De plus en plus de femmes votent pour le Rassemblement national, malgré les critiques sur son anti-féminisme. Cette tendance s’explique en partie par l’arrivée de Marine Le Pen à la tête du Front National en 2011 et l’effet Bardella. Cependant, les idées du RN n’ont pas changé et restent racistes, xénophobes et misogynes. Le cheval de bataille de l’extrême-droite reste la sécurité, un point qui intéresse particulièrement les femmes. Cette adhésion des femmes est préoccupante, d’autant plus que le RN peut être destructeur pour les droits des femmes et des minorités.

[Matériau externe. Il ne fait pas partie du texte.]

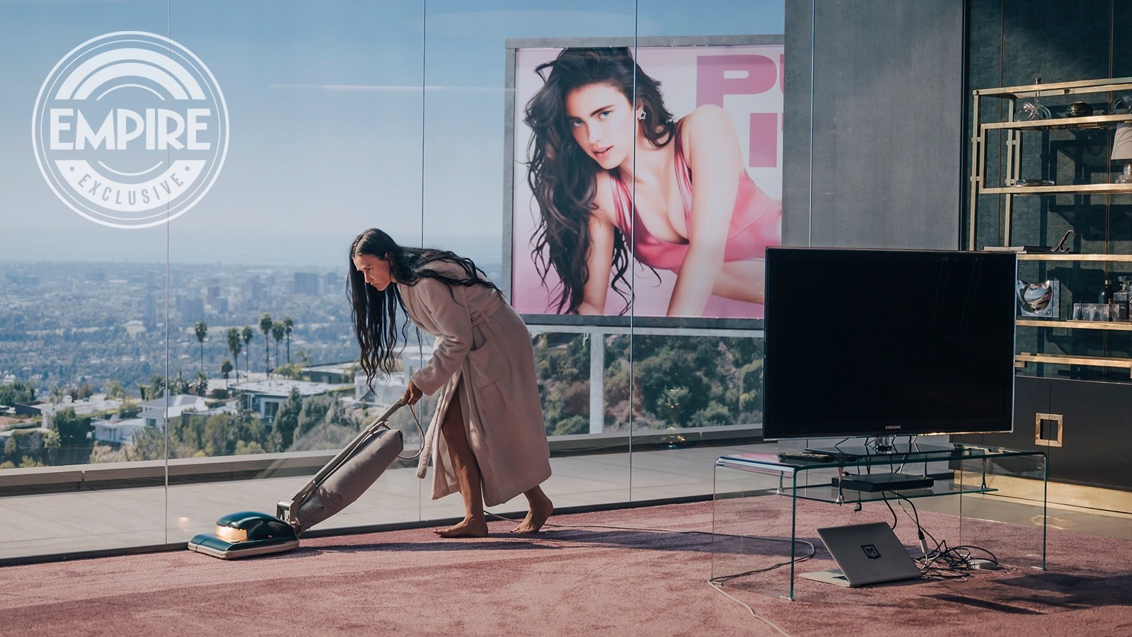 Ese tema es la imagen corporal y las expectativas sociales sobre cómo deberían lucir y comportarse los cuerpos, todo entrelazado con los elementos de género de la película. “Es una forma única de explorar el problema del envejecimiento y la perspectiva masculina de la mujer idealizada en la que hemos creído”, dice Moore. “No se trata de lo que nos han hecho, sino de la parte que hemos desempeñado en hacerlo nosotros mismos”. Es algo con lo que la estrella se identifica, habiendo escrito sobre los efectos del estrellato de Hollywood en su autobiografía, Inside Out. “Comparto bastante sobre mi experiencia en relación a mi cuerpo”, dice Moore. “Lo que pasé, los niveles de humillación, que me dijeran que perdiera peso. Aunque fue una circunstancia que experimenté, también fue el proceso de lo que me hice a mí misma, al poner demasiado valor en mi cuerpo en general. Pero dentro de eso, ha sido mi oportunidad de superarlo y encontrar valor en mí misma por quién soy en el interior”. Prepárate para una película que se adentra en el problema y saca todas las entrañas.

Marine Le Pen et Jordan Bardella : les visages séduisants du Rassemblement national
Alors que le Rassemblement national a été largement critiqué pour son anti-féminisme, de plus en plus de femmes votent pour ce parti. Le 17 juin dernier, Jordan Bardella, le président du RN, s’est adressé aux femmes dans une vidéo postée sur X, promettant de garantir leurs droits et leurs libertés. Cette tendance s’est confirmée lors des élections européennes de 2019 et 2024, où le RN a gagné 10 points dans l’électorat féminin, selon un sondage IPSOS. Un autre sondage IFOP indique même que les femmes ont voté à 32% pour le RN, devant les hommes (31% de votes).
Cette évolution s’explique en partie par l’arrivée de Marine Le Pen à la tête du Front National en 2011. Elle s’est présentée comme une femme libre, une mère divorcée et une amoureuse des animaux, mettant en avant son côté femme lambda. Cette stratégie a séduit de nombreuses femmes en France. De plus, l’effet Bardella, avec sa tête de gendre idéal, a également séduit les plus jeunes et les femmes.
Cependant, les idées du RN n’ont pas changé : racistes, xénophobes, misogynes. Le cheval de bataille de l’extrême-droite reste la sécurité, un point qui intéresse particulièrement les femmes. Anne-Cécile Mailfert, la présidente de la Fondation des femmes, a rencontré Anne, une électrice du RN, qui a expliqué que le mirage de protection offert par les extrêmes droites amène les femmes à être conservatrices. En échange, elles se conforment à des rôles traditionnels, secondaires et aliénants, mais préfèrent les violences qui leur sont familières au risque de celles qui sont étrangères.
Cette adhésion des femmes est préoccupante, d’autant plus que le RN peut être destructeur pour les droits des femmes et des minorités. En mai dernier, Grève féministe a alerté sur le pouvoir de nuisance du RN, rappelant que le parti d’extrême droite s’abstient ou vote contre systématiquement à chaque avancée féministe au Parlement européen. Le collectif a dénoncé l’instrumentalisation du droit des femmes par le RN à des fins électorales.